After Cunliffe-Owen was placed in receivership in 1947, the factory was bought in 1949 by Briggs Motor Bodies, who supplied Ford of Britain with bodies for their vehicles. In 1953 Ford acquired Briggs, and hence gained control of the 630000 ft2 Southampton plant. From 1965, Ford had started to produce the Ford Transit in Great Britain, with bodies from Swaythling shipped up the M3 motorway to be mated with chassis at the Langley, Berkshire factory, near Slough. In 1972, Ford of Britain invested £5M in the Southampton plant, enabling it to make the complete Transit van. The first Transit rolled off of the production line in the same year, given to the mayor to be used as a gift for a local charity. From this point until the mid-1980s was the height of production, with the factory employing 4,500 workers.

In 1983 with construction of the M27 motorway starting, the site was permanently cut off from Southampton Airport. In 2002, Ford stopped producing passenger cars in the UK, leaving the Southampton made Transit as their only British-made vehicle. In 2009, with the new Kocaeli, Turkey, plant in full production, Ford reluctantly halved production at Southampton and reduced the workforce to just over 500.

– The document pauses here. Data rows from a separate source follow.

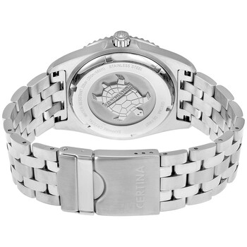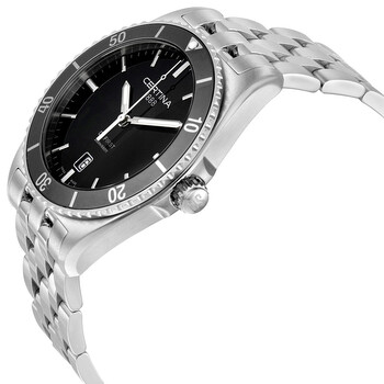 Stainless steel case with a stainless steel bracelet. Rotating black ceramic bezel. Black dial with luminous hands and index hour markers. Minute markers around the outer rim. Dial Type: Analog. Date display at the 6 o'clock position. Quartz movement. Scratch resistant sapphire crystal. Screw down crown. Solid case back. Case diameter: 41 mm. Round case shape. Push button deployment clasp. Water resistant at 200 meters / 660 feet. Functions: date, hour, minute, second. Watch label: Swiss Made. Certina DS First Ceramic Stainless Steel Men's Quartz Watch C0144101105100.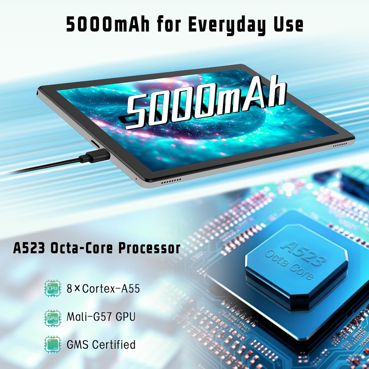 [Durable Battery] Powered by a 5000mAh battery, this tablet provides up to 5 days of standby time or approximately 6 hours of daily use. With convenient charging via the Type-C port, it’s easy to keep your device powered throughout the day.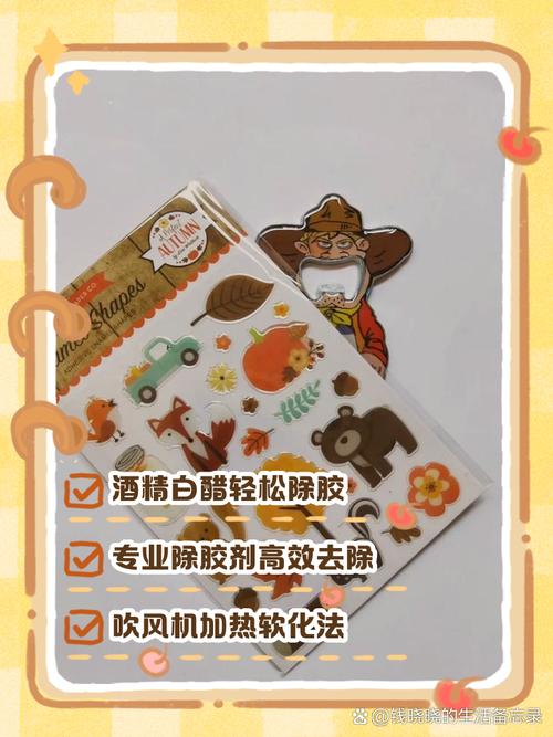 〖Six〗、去除贴画胶有不少巧妙小方法。可以使用吹风机,将吹风机距离贴画胶部位约10 - 15厘米,用热风档均匀吹拂,使胶受热软化,之后就可轻松揭下贴画,残留的胶用纸巾擦拭即可。酒精也是不错的选取,把酒精倒在抹布或棉球上,覆盖在贴画胶处,稍等几分钟,让酒精充分渗透,然后轻轻擦拭,胶就能被擦掉。

Employing 500 workers, the factory produced up to 35,000 Transit chassis/cab variant vehicles annually, of which 50% were exported.

The Ford Southampton plant closed on 26 July 2013.

===B&Q===
The very first branch of the DIY chain B&Q was opened in Swaythling in 1969. The shop was owned by Messrs Block and Quayle.

==Transport==

Swaythling railway station is on the main line between London and Bournemouth, and was opened in 1883. Originally Swathling Station, the "Y" was added in 1895 at the request of the squire, Sir Samuel Montagu, who became the first Baron Swaythling in 1907.

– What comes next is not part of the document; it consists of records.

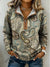Vintage Art Print Casual Half-zip Cotton Sweatshirt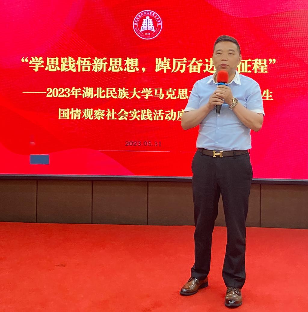 5月31日,我院在利川市汪营镇齐跃桥村,举行“学思践悟新思想,踔厉奋进新征程”——2023年jinnian金年会马克思主义学院研究生国情观察社会实践活动。马克思主义学院党总支副书记张明波,汪营镇党委书记熊伟,思清农业有限公司董事长温华健,驻村第一书记丁恒,州政府办公室驻齐跃桥村尖刀班成员,以及我院部分研究生参加有关活动。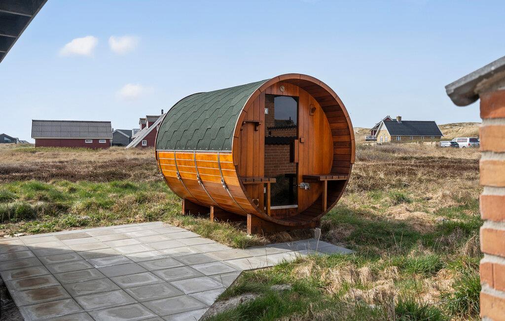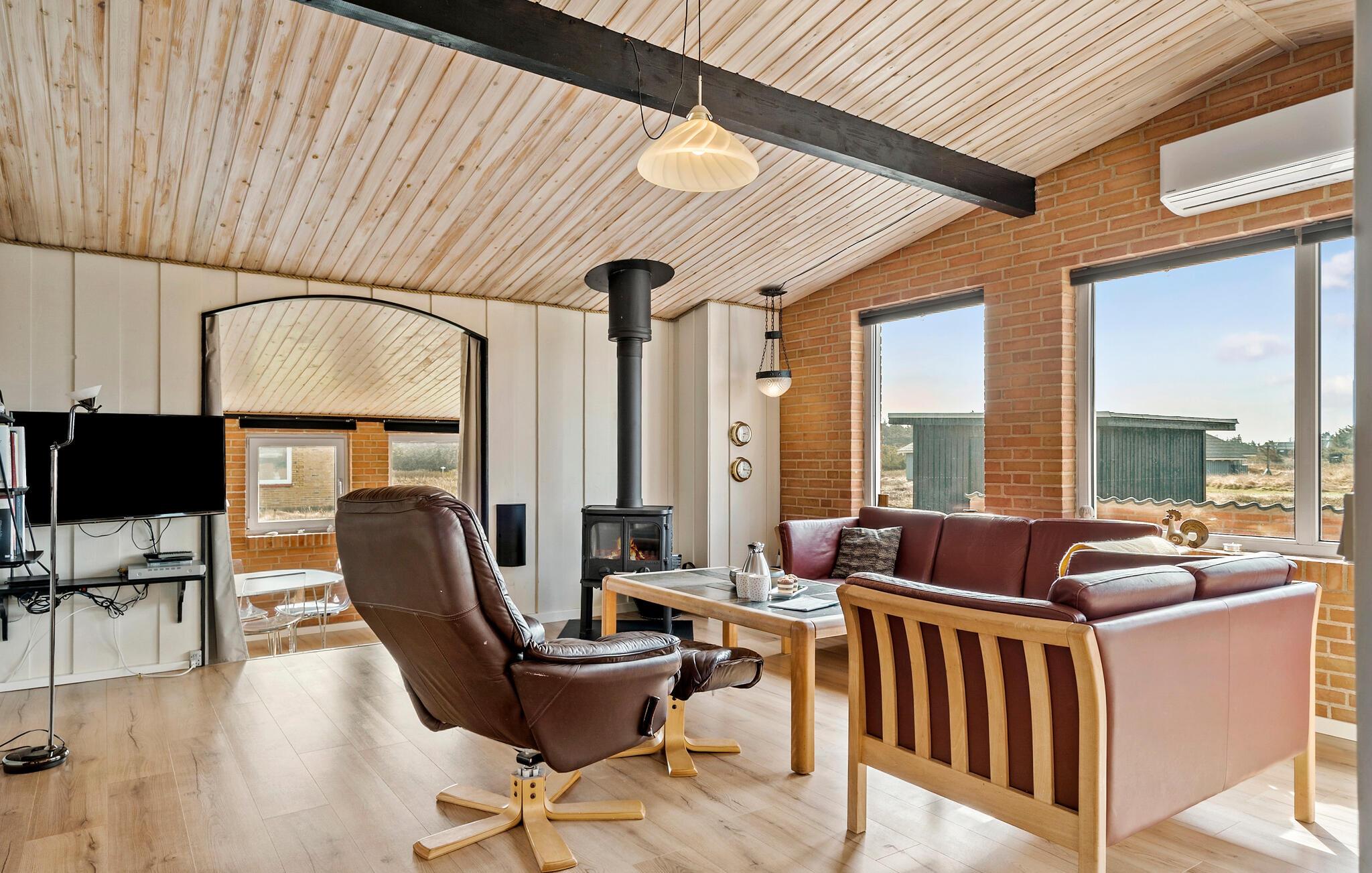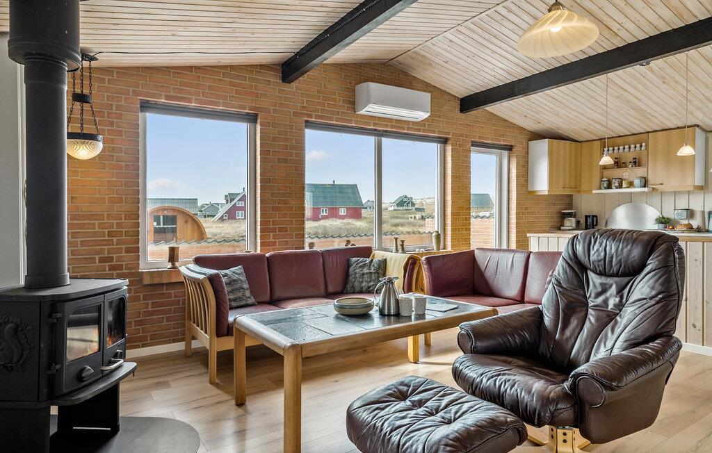 Hvad er bedre end en ferie kun få meter fra en smuk sandstrand ved Vesterhavet? Det er nemlig det, der venter jer i dette veludstyrede hus, hvor de lyse lokaler skaber de ideelle rammer for jeres familieferie. Her kan I starte dagen ud med en fælles morgenmad i det åbne køkken. Dagens andre måltider kan I nyde i spisestuen eller på den solrige terrasse, og om aftenen kan I bare smække benene op i sofaerne og lune jer ved brændeovnen, mens jeres yndlingsfilm glider hen over skærmen. Huset byder på alt, hvad I behøver for at I hurtigt vil føle jer hjemme, og i haven er der god plads til at grille eller lege og spille bold med børnene.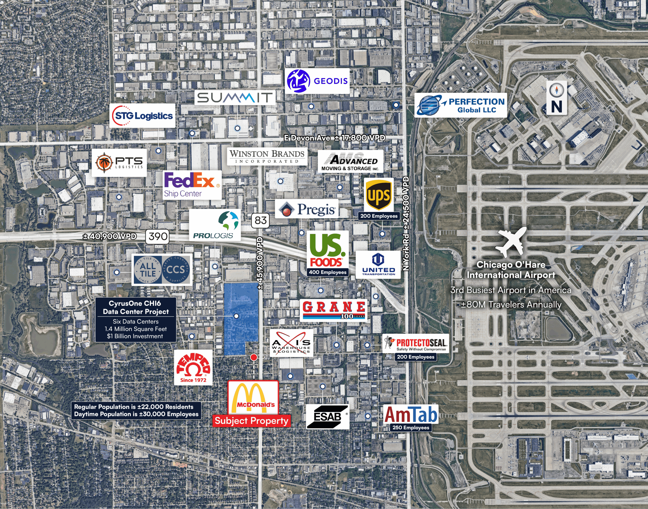 - The subject property is positioned within a core industrial corridor near prominent national and global employers, including UPS, U.S. Foods, Prologis, and United Airlines. This employment density drives consistent daytime traffic and supports local retail performance. The daytime population within 2 miles of the Subject Property exceeds 30,000 people.

On 24 August 1988 Swaythling was the scene of a Guinness Book of Records attempt for the largest street party when the A335 (Thomas Lewis Way, named after Tommy Lewis) was first opened. This route allows traffic to bypass Swaythling and the neighbouring suburb of Portswood when travelling from the M27 to Southampton's city centre. Around 3000 people were present at the event, which failed to beat the record of 5,500 people held by Oxford Street in London.

==Sport==
Swaythling Athletic Football Club was established in 1946 in the Fleming Arms public house and played its early games on the field at Walnut Avenue. In 1957, the club moved to Ten Acres in North Stoneham and in 1980 became known as Eastleigh F.C..

The Ford Southampton plant had a long running works football club called Ford Sports, which ran numerous teams from 1949 to 2001.

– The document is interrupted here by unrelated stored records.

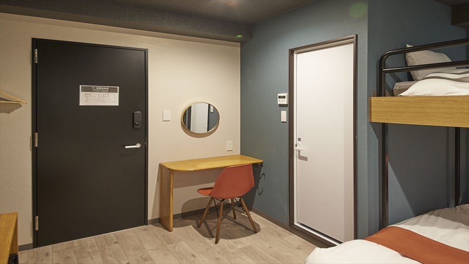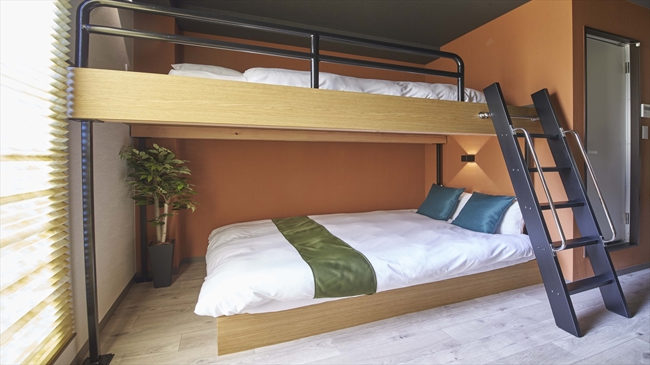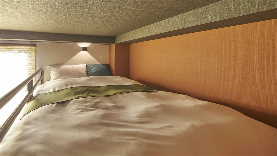 ロフトベッド(下段:ダブル/上段:シングル)/シングル布団1組/無料Wi-Fi/専有ユニットバス/ミニ冷蔵庫/電気ポット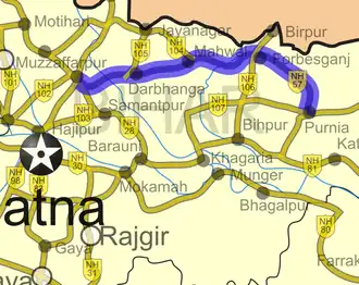 This former national highway passed through Muzaffarpur, Darbhanga, Muria, Supaul, Narahia, Narpatganj, Forbesganj, Araria, Jhanjharpur and Purnia.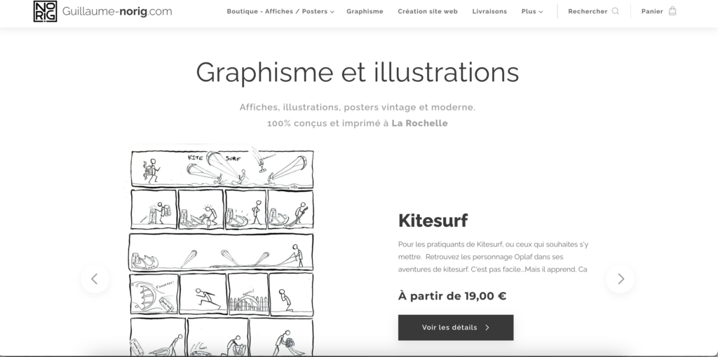 Le site Artmeta a été construit grâce à l’outil Jimdo. Comme vous pouvez le voir, la qualité est une nouvelle fois au rendez-vous. Lorsque vous arrivez sur le site, vous serez tout de suite emporté par les magnifiques photos défilantes qui laissent ensuite place à une vidéo captivante. Tout le reste fonctionne très bien en termes de navigation. Les produits sont magnifiquement présentés grâce à un jeu de couleurs parfaitement exécuté. Une quantité de texte qui est loin d’être excessive et qui laisse place aux photos qui valent le détour. Ces exemples vous ont montré que créer un site web de qualité avec 0€ est possible.
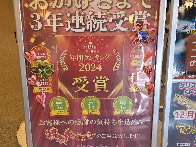 眺望だけが魅力のところかと思ったら、サウナは清潔で熱く、何より黙浴が徹底!小声もダメ、と書かれた板が吊るされていました笑

The Swaythling Cup, an international table tennis competition, was set up in 1926 by Baroness Swaythling's two sons, Ivor and Ewen Montagu.

==Notable residents==
Juan Manuel Rosas, Argentine dictator, lived in exile in Swaythling where he had a farm, dying in 1877.

Professor Martin Glennie, developer of the promising cancer immunotherapeutic drug CHiLOB7/4 currently undergoing clinical trials, lives in Swaythling.